Saved data entries
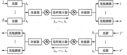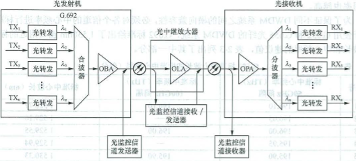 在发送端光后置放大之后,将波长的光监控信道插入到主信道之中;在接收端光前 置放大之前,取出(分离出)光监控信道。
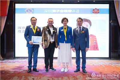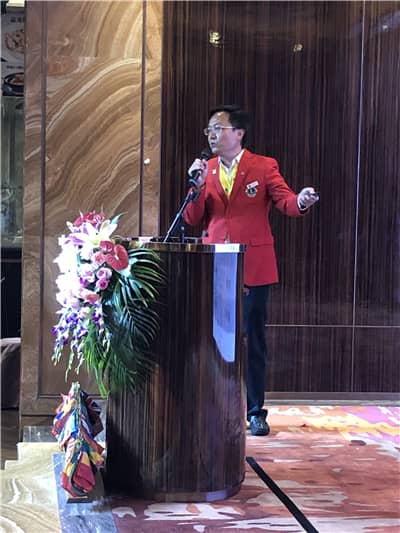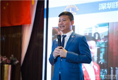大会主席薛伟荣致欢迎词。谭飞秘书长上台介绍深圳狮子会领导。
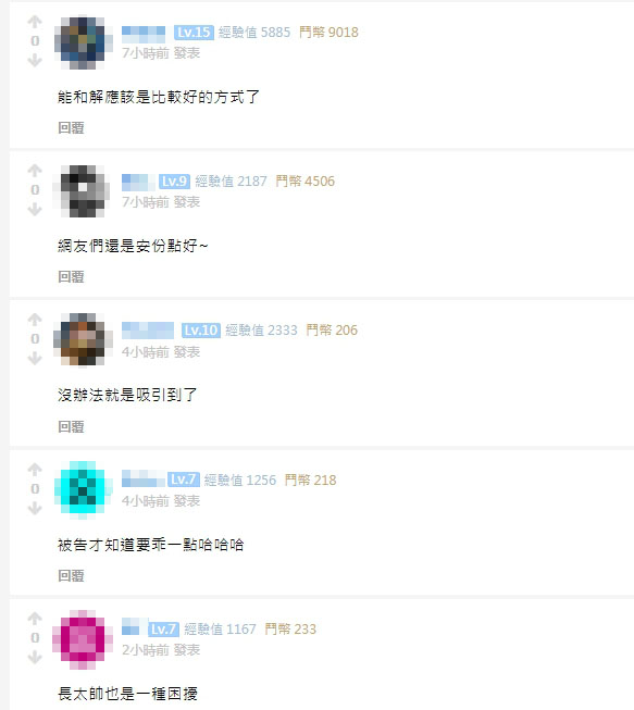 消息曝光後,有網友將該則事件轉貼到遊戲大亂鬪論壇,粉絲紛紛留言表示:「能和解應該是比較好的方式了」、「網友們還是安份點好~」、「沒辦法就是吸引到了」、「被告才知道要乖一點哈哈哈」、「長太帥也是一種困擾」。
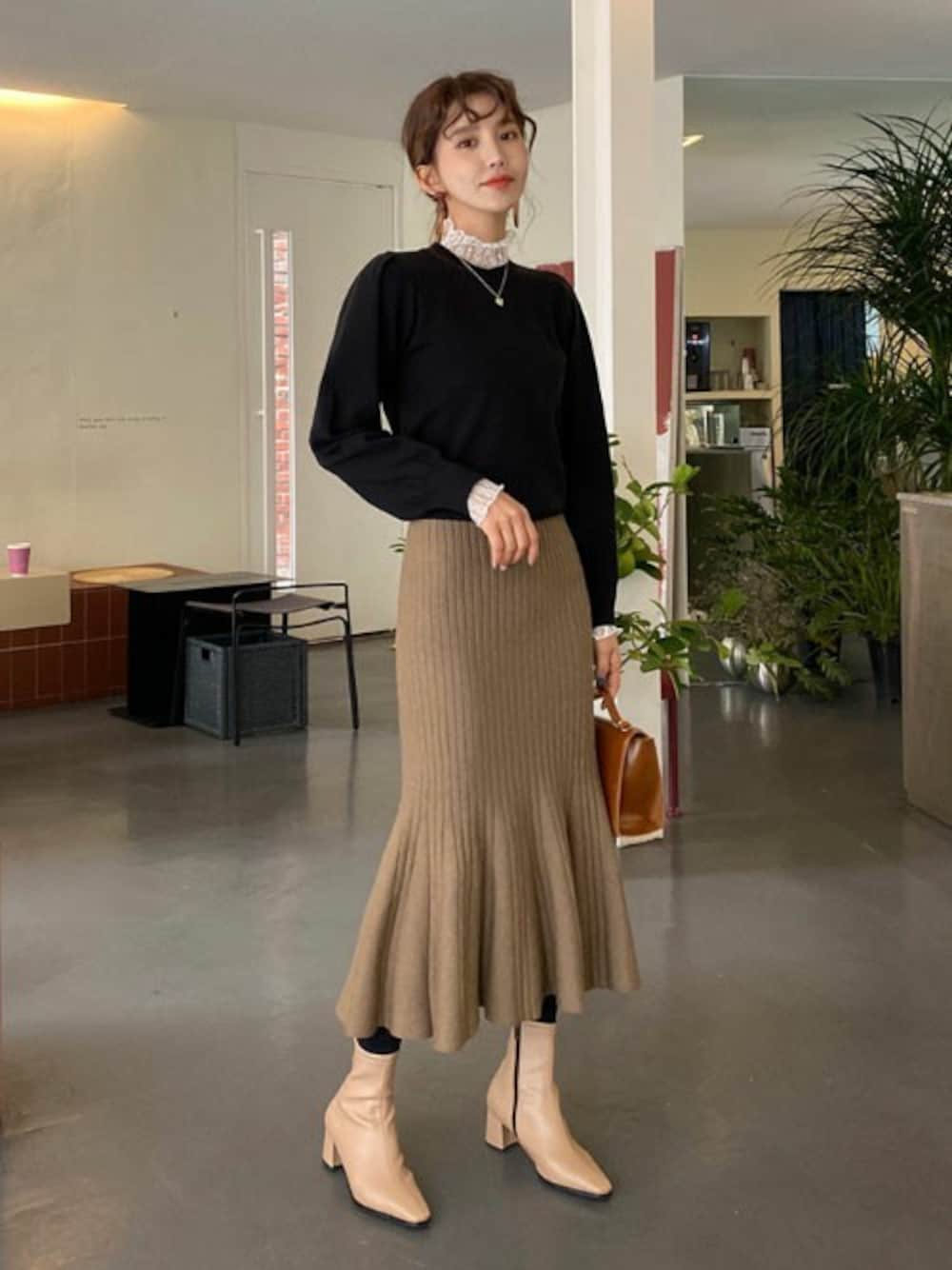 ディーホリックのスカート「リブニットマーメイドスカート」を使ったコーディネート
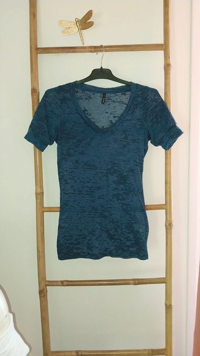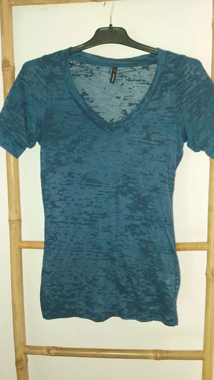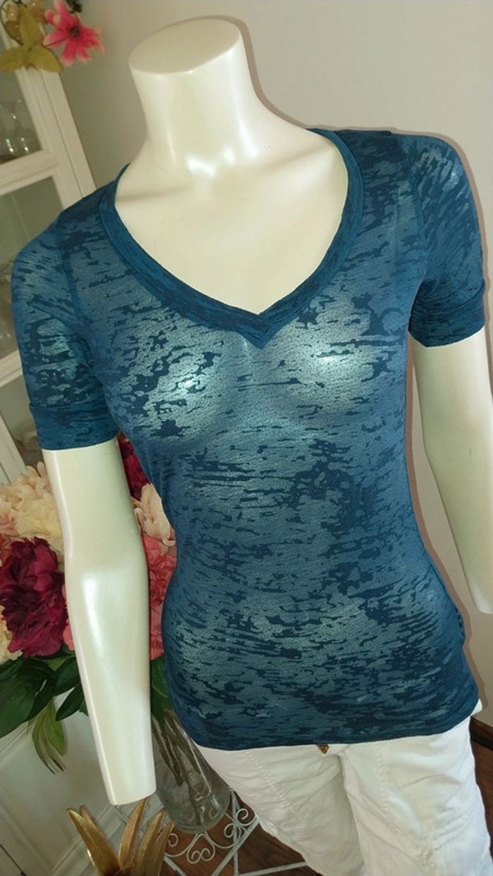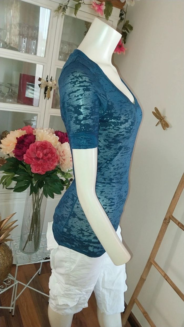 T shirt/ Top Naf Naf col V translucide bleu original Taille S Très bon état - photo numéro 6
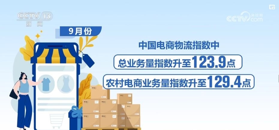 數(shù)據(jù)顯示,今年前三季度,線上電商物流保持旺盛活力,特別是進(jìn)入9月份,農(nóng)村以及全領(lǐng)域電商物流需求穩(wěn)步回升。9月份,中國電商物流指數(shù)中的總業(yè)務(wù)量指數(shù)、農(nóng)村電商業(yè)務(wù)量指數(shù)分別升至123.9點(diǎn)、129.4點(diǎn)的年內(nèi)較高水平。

Activity:
Return every record exactly, minus the pictures.

Answer to the problem:
 在发送端光后置放大之后,将波长的光监控信道插入到主信道之中;在接收端光前 置放大之前,取出(分离出)光监控信道。
大会主席薛伟荣致欢迎词。谭飞秘书长上台介绍深圳狮子会领导。
 消息曝光後,有網友將該則事件轉貼到遊戲大亂鬪論壇,粉絲紛紛留言表示:「能和解應該是比較好的方式了」、「網友們還是安份點好~」、「沒辦法就是吸引到了」、「被告才知道要乖一點哈哈哈」、「長太帥也是一種困擾」。
 ディーホリックのスカート「リブニットマーメイドスカート」を使ったコーディネート
 T shirt/ Top Naf Naf col V translucide bleu original Taille S Très bon état - photo numéro 6
 數(shù)據(jù)顯示,今年前三季度,線上電商物流保持旺盛活力,特別是進(jìn)入9月份,農(nóng)村以及全領(lǐng)域電商物流需求穩(wěn)步回升。9月份,中國電商物流指數(shù)中的總業(yè)務(wù)量指數(shù)、農(nóng)村電商業(yè)務(wù)量指數(shù)分別升至123.9點(diǎn)、129.4點(diǎn)的年內(nèi)較高水平。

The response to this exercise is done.